SUPPLIED INFORMATION |
___
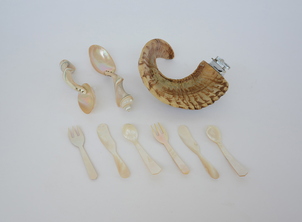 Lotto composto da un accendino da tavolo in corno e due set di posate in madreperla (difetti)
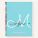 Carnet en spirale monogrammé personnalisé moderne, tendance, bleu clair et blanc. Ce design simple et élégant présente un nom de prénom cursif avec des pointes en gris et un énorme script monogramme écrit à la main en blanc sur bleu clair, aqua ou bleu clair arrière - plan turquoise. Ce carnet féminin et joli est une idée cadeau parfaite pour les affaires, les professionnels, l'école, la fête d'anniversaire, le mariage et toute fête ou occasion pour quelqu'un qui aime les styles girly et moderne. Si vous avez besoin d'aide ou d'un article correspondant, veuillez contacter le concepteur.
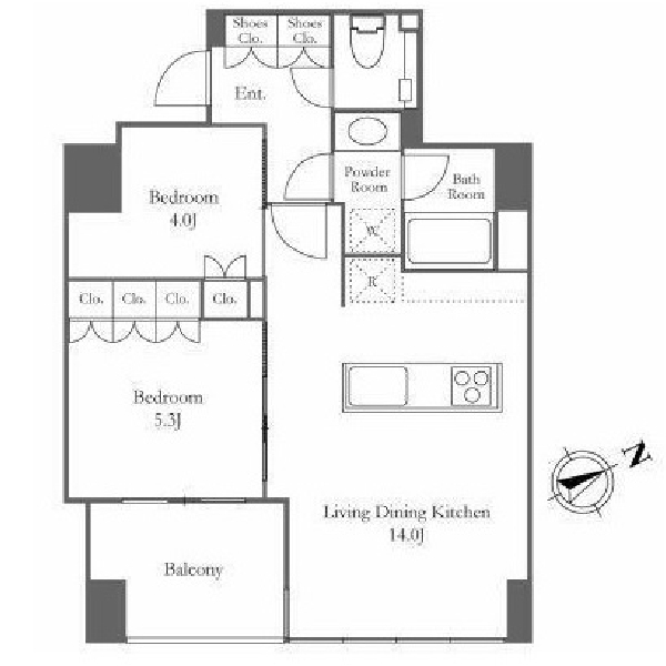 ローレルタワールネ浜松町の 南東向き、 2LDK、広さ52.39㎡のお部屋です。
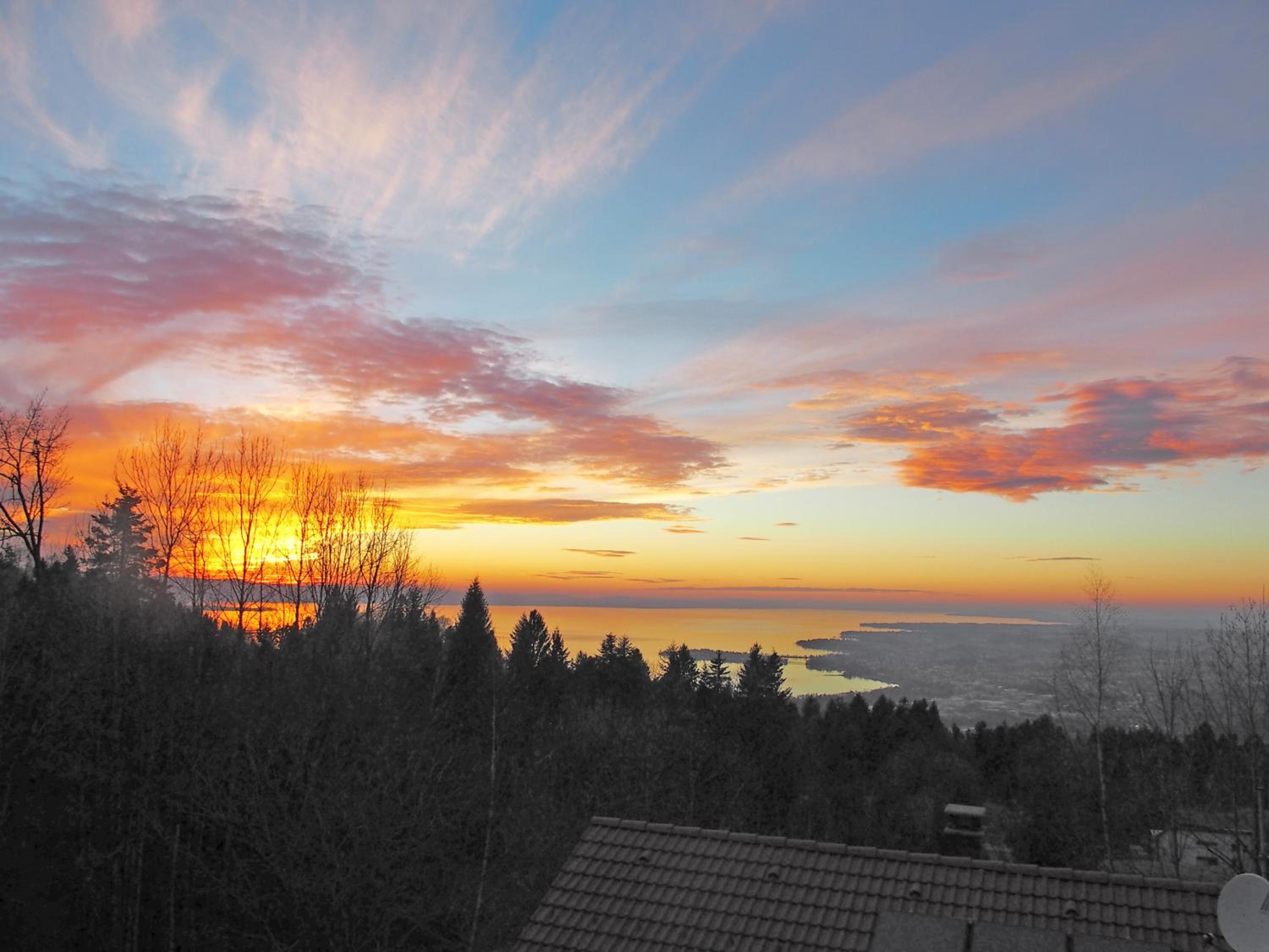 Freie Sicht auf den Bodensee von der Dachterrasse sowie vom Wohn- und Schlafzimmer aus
___
ABOUT THIS TASK | The expected answer is an unaltered copy of the listing, images removed.

EXERCISE RESULT |
 Lotto composto da un accendino da tavolo in corno e due set di posate in madreperla (difetti)
 Carnet en spirale monogrammé personnalisé moderne, tendance, bleu clair et blanc. Ce design simple et élégant présente un nom de prénom cursif avec des pointes en gris et un énorme script monogramme écrit à la main en blanc sur bleu clair, aqua ou bleu clair arrière - plan turquoise. Ce carnet féminin et joli est une idée cadeau parfaite pour les affaires, les professionnels, l'école, la fête d'anniversaire, le mariage et toute fête ou occasion pour quelqu'un qui aime les styles girly et moderne. Si vous avez besoin d'aide ou d'un article correspondant, veuillez contacter le concepteur.
 ローレルタワールネ浜松町の 南東向き、 2LDK、広さ52.39㎡のお部屋です。
 Freie Sicht auf den Bodensee von der Dachterrasse sowie vom Wohn- und Schlafzimmer aus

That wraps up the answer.